# Tall Rider (6'4" + ) Bar / Stems ? Straight vs swept bars?



## somegeek (Jun 6, 2011)

I picked up a Specialized P.3 yesterday and I feel okay on it but seems like stretching out the cockpit a bit would feel better. I'm almost 6'6" so pondering replacing the 40mm stem with a 60mm stem. Also looking at bars with 2.5" to 3" of rise.

I noted the stock bars sweep back maybe 1" from the straight line? Are straight (no sweep) bars that much different from those with sweep? Seems that extra strech out in the bars would make me feel less like I'm on top/in front of the bars.

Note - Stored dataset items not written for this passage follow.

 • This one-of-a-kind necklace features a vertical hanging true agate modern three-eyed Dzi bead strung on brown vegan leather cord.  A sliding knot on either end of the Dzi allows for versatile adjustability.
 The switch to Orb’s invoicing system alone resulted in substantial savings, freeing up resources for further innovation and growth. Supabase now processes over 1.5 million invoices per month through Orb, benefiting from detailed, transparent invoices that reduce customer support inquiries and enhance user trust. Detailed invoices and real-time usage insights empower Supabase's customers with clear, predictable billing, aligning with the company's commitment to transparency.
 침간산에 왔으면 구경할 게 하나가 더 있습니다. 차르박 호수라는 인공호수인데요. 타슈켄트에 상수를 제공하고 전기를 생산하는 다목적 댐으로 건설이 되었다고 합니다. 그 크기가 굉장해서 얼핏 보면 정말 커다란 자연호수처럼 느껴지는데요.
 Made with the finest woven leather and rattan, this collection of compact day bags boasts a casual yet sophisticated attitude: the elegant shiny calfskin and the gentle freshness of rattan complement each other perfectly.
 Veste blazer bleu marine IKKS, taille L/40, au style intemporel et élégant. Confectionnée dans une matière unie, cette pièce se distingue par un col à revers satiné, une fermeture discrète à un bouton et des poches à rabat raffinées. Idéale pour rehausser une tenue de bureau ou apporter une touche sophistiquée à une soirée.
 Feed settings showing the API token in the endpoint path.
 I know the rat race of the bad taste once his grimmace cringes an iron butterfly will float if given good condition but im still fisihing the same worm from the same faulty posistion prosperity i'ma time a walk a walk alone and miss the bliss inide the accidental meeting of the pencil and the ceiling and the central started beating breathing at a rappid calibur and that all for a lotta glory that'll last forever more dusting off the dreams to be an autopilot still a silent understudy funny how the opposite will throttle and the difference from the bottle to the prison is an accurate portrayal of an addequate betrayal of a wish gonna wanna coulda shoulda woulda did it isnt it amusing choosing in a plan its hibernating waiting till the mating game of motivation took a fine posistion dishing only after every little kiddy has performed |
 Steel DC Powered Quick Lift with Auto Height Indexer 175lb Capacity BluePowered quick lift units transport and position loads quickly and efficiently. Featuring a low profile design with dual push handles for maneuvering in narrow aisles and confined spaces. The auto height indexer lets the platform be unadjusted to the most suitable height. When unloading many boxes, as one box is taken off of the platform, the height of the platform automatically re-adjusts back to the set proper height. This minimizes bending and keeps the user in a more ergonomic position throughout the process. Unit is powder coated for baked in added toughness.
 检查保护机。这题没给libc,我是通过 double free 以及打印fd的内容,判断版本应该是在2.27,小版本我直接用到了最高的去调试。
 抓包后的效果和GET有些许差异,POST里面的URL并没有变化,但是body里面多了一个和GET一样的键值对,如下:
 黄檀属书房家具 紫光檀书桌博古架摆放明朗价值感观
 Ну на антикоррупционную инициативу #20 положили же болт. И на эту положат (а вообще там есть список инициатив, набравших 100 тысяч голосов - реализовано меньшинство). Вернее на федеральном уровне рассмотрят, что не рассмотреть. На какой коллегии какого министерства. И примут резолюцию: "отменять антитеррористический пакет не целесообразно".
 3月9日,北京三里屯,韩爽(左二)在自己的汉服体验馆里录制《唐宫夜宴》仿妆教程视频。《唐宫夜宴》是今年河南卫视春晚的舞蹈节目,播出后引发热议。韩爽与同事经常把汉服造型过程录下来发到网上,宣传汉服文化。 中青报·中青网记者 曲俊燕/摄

Thanks for any input/ suggestions.


----------



## *B* (Mar 17, 2007)

While riser bars are certainly cool looking and have a BMX feel, I would be careful getting too high of a rise with a strong back sweep. The more you keep you bar in line with your head angle, the more easier it will be to bunny hop and perform as intended. I have 3' bars with a back sweep on my STP and if mounted correctly, they feel like they'er on top of my legs. I'm 5'9 so if your 6'4.... I would def start with a BMX style stem, something beefy with some extra reach. As far as the bar, I would stay away from lots of back sweep, but I personally wouldn't run a strait bar on DJ bike. Unfortunately, it's all about personal preference on this one, but a good rule of thumb is to stay away from a bar that will distort your head angle too much. You don't want your bars to feel like they are reaching back to you so much that you don't feel like your shoulders are above your fork. Let us know what you get and how it works out.


----------



## cglasford (Sep 26, 2011)

these are the bars I would get... 80mm rise

RIVERA RIVERA

and they still rock a 31.8 clamp diameter.... I personally wouldn't go over 50mm with a stem on a DJ bike but do what make the bike feel best for you... it will start to change the handling

some other popular dj bars are

deity ::: Topsoil deity ::: Topsoil Handlebar - deity components

SPANK Bike's SPANK Bike's website/tools for superheroes

NS Bikes 2014 - Stay True! NS Bikes 2014 - Stay True!

the only bars with an 80mm rise that I know of with a 31.8 clamp diameter are those kores, other wise you have to go to a 25.4

I don't know about that personally i've seen those little bars break with the higher rises.... I personally like the higher rise but I know a lot of guys are going low rise or no rise these days....

As for avoiding the riser bar, you would need to make sure you have a huge stack hight for your height with a lot of spacers and your stem jacked up all the way. IMO taller bars make it easier to manual and do most things.... low rise bars or low rise front ends put you to far forward for DJ/park/street riding.. there is a reason BMX has gone to 8.5-11 inch bars now.... I would get at least a 50mm rise personally


----------



## somegeek (Jun 6, 2011)

*B* said:


> While riser bars are certainly cool looking and have a BMX feel, I would be careful getting too high of a rise with a strong back sweep. The more you keep you bar in line with your head angle, the more easier it will be to bunny hop and perform as intended. I have 3' bars with a back sweep on my STP and if mounted correctly, they feel like they'er on top of my legs. I'm 5'9 so if your 6'4.... I would def start with a BMX style stem, something beefy with some extra reach.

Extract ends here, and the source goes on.